- _Source data_:
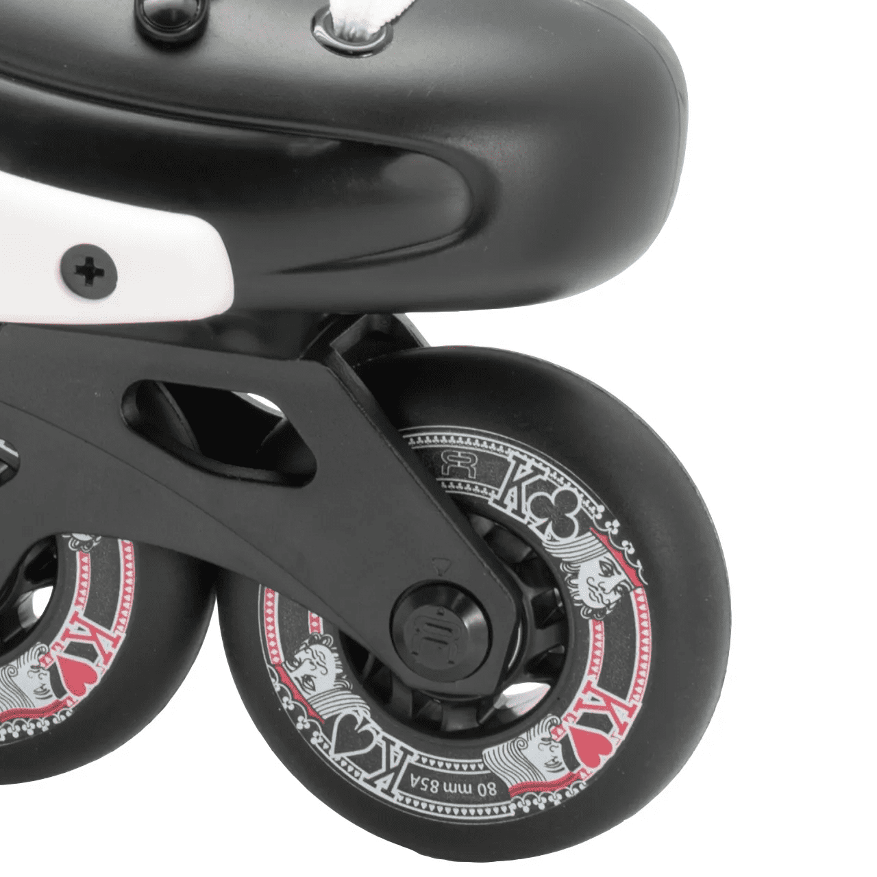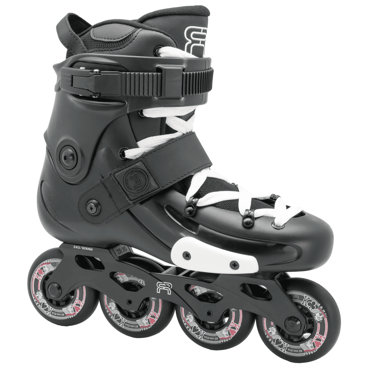 The FR X 80 boot is mounted upon a new X2R 243mm black frame with the wheel of choice for freeride skaters everywhere; the FR Street Kings wheels.
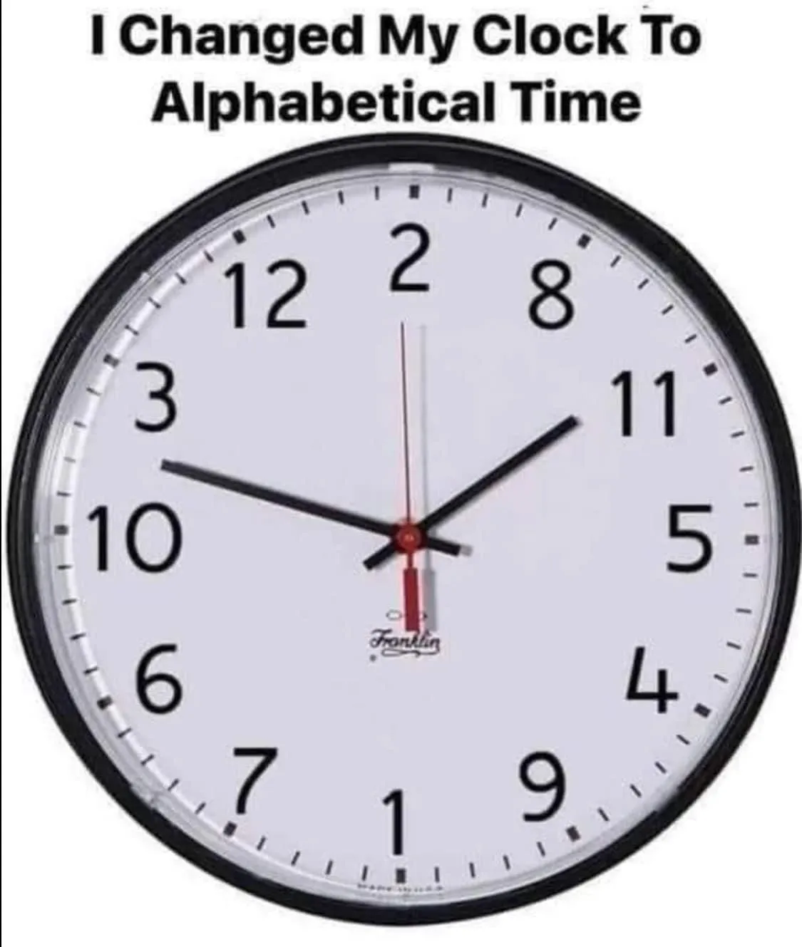 J. A. said: The numbers from one to twelve are in alphabetical order: eight - eleven - five - four - … Click to expand... Haha
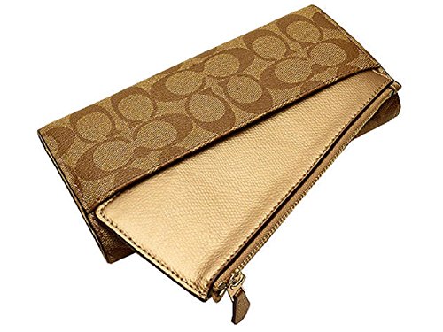 Wrapped in Coach's signature coated canvas, this slim envelope style wallet has a snap flap closure accented with Coach's logo. The interior features (12) credit card slots, bill compartments and a zippered coin compartment. The back features an open slip pocket along with a removable zippered pouch. It measures approximately 8" (L) x 4" (H) x 1.5" (W).Feature
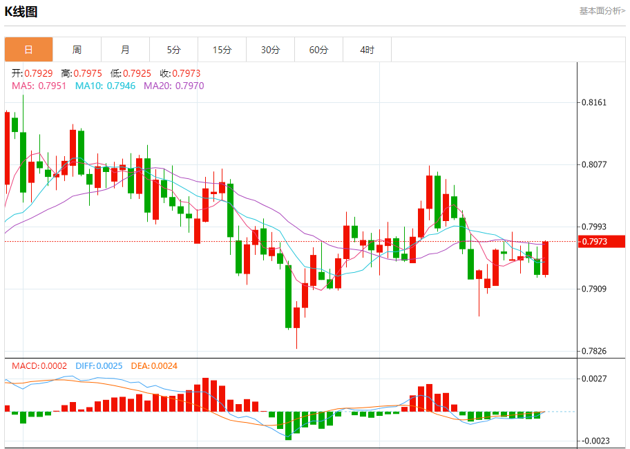 今日周三,澳元兑美元报0.6592,涨幅0.11%;美元兑加元报1.3937,跌幅0.07%;美元兑瑞郎报0.7975,涨幅0.56%。

- _Problem_: All lines from the line with "Wrapped in Coach's" through the final line of the listing are to be printed exactly, both ends included; the pictures are not.

- _Answer space_:
 Wrapped in Coach's signature coated canvas, this slim envelope style wallet has a snap flap closure accented with Coach's logo. The interior features (12) credit card slots, bill compartments and a zippered coin compartment. The back features an open slip pocket along with a removable zippered pouch. It measures approximately 8" (L) x 4" (H) x 1.5" (W).Feature
 今日周三,澳元兑美元报0.6592,涨幅0.11%;美元兑加元报1.3937,跌幅0.07%;美元兑瑞郎报0.7975,涨幅0.56%。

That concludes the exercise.